- Input data
★ ★ ★ ★
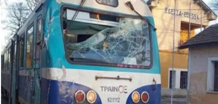 Tραίνο συγκρούστηκε με… δέντρο στην Έδεσσα, το πρωτοφανές ατύχημα συνέβη την στιγμή που η αμαξοστοιχία κινείτο έχοντας αναπτύξει μεγάλη ταχύτητα στο ύψος του σταθμού Βεγορίτη…
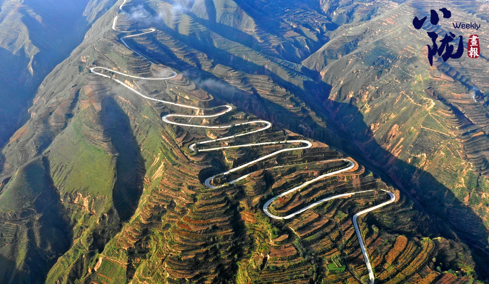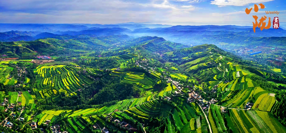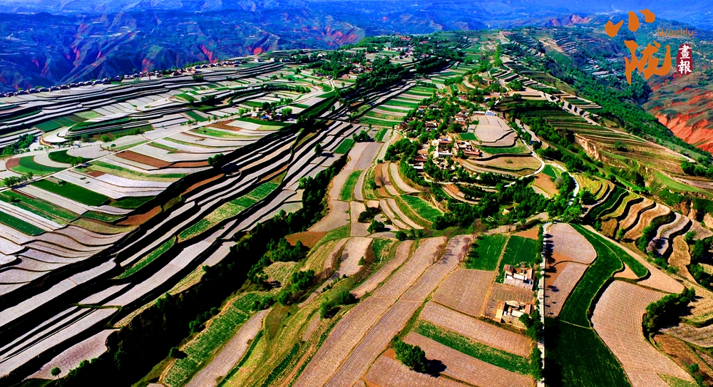 一塊塊梯田,從山峁到山腳,依次而下,大大小小,一層層、一片片,遠遠望去,千層萬疊,一片紛繁。蔥綠與明黃裝扮的沃野,是季節(jié)的舞衣,也是莊戶人的希望。
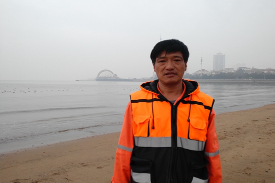 棧橋海水浴場(chǎng)毗鄰青島火車(chē)站和青島市著名景點(diǎn)棧橋,一年四季游客不斷,環(huán)境衛(wèi)生保潔工作量大。無(wú)論嚴(yán)寒酷暑,還是雨雪風(fēng)霜,作為保潔隊(duì)隊(duì)長(zhǎng)的楊寶利,每天對(duì)棧橋海水浴場(chǎng)沙灘、水域和觀景平臺(tái)進(jìn)行不間斷清理,總是最早到達(dá),最晚離開(kāi)。浴場(chǎng)水域有漂浮雜物時(shí),他第一個(gè)駕船下海進(jìn)行打撈。有時(shí)海面風(fēng)浪較大,不適宜劃船,他則跳入齊腰深的海水中,頂著海浪進(jìn)行清理。2008年至今,每年六七月份,大型滸苔災(zāi)害會(huì)侵襲浴場(chǎng),他都積極參與其中。2018年抗擊滸苔行動(dòng)中,楊寶利曾與浴場(chǎng)干部職工先后連續(xù)6天6夜、6天5夜堅(jiān)守崗位,只為盡早將滸苔清理完畢,為市民、游客打造一個(gè)干凈整潔的浴場(chǎng)環(huán)境。
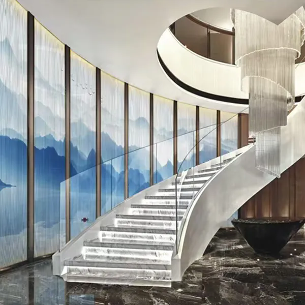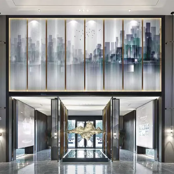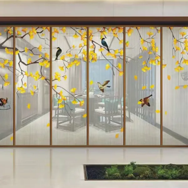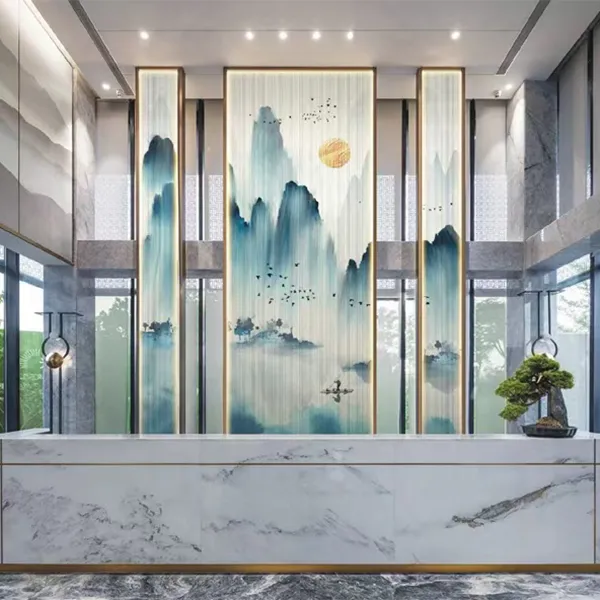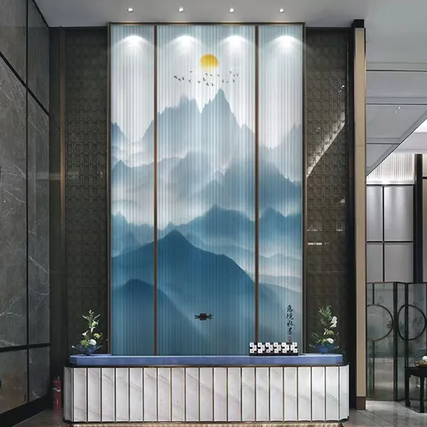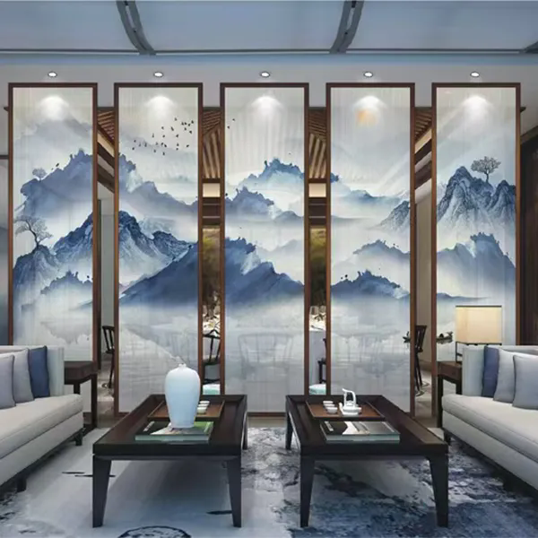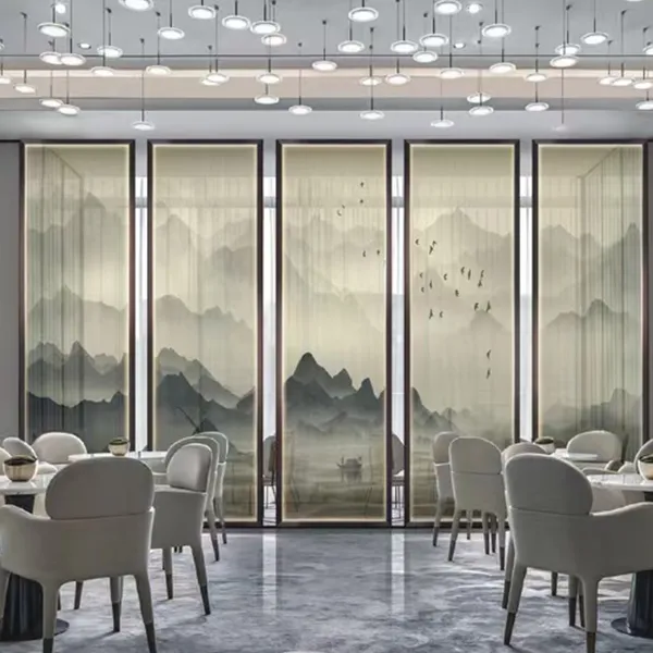 Эстетическая недосказанность восточного искусства и воздушность современного пространства сливаются здесь в совершенной гармонии. Многослойное стекло с армированной сеткой и пейзажным рисунком использует сетку как кисть, а связующую пленку — как тушь, запечатлевая бескрайний дух гор и вод внутри стекла. Это не просто перегородка, а объемная картина, которую можно осязать, — пространство, обретающее собственную поэзию в игре света и тени.
★ ★ ★ ★
- Prompt
Copy exactly, and only, the lines from the first line of the material through the line that contains "一塊塊梯田,從山峁到山腳,依", both ends kept; no pictures.

- Exercise solution
 Tραίνο συγκρούστηκε με… δέντρο στην Έδεσσα, το πρωτοφανές ατύχημα συνέβη την στιγμή που η αμαξοστοιχία κινείτο έχοντας αναπτύξει μεγάλη ταχύτητα στο ύψος του σταθμού Βεγορίτη…
 一塊塊梯田,從山峁到山腳,依次而下,大大小小,一層層、一片片,遠遠望去,千層萬疊,一片紛繁。蔥綠與明黃裝扮的沃野,是季節(jié)的舞衣,也是莊戶人的希望。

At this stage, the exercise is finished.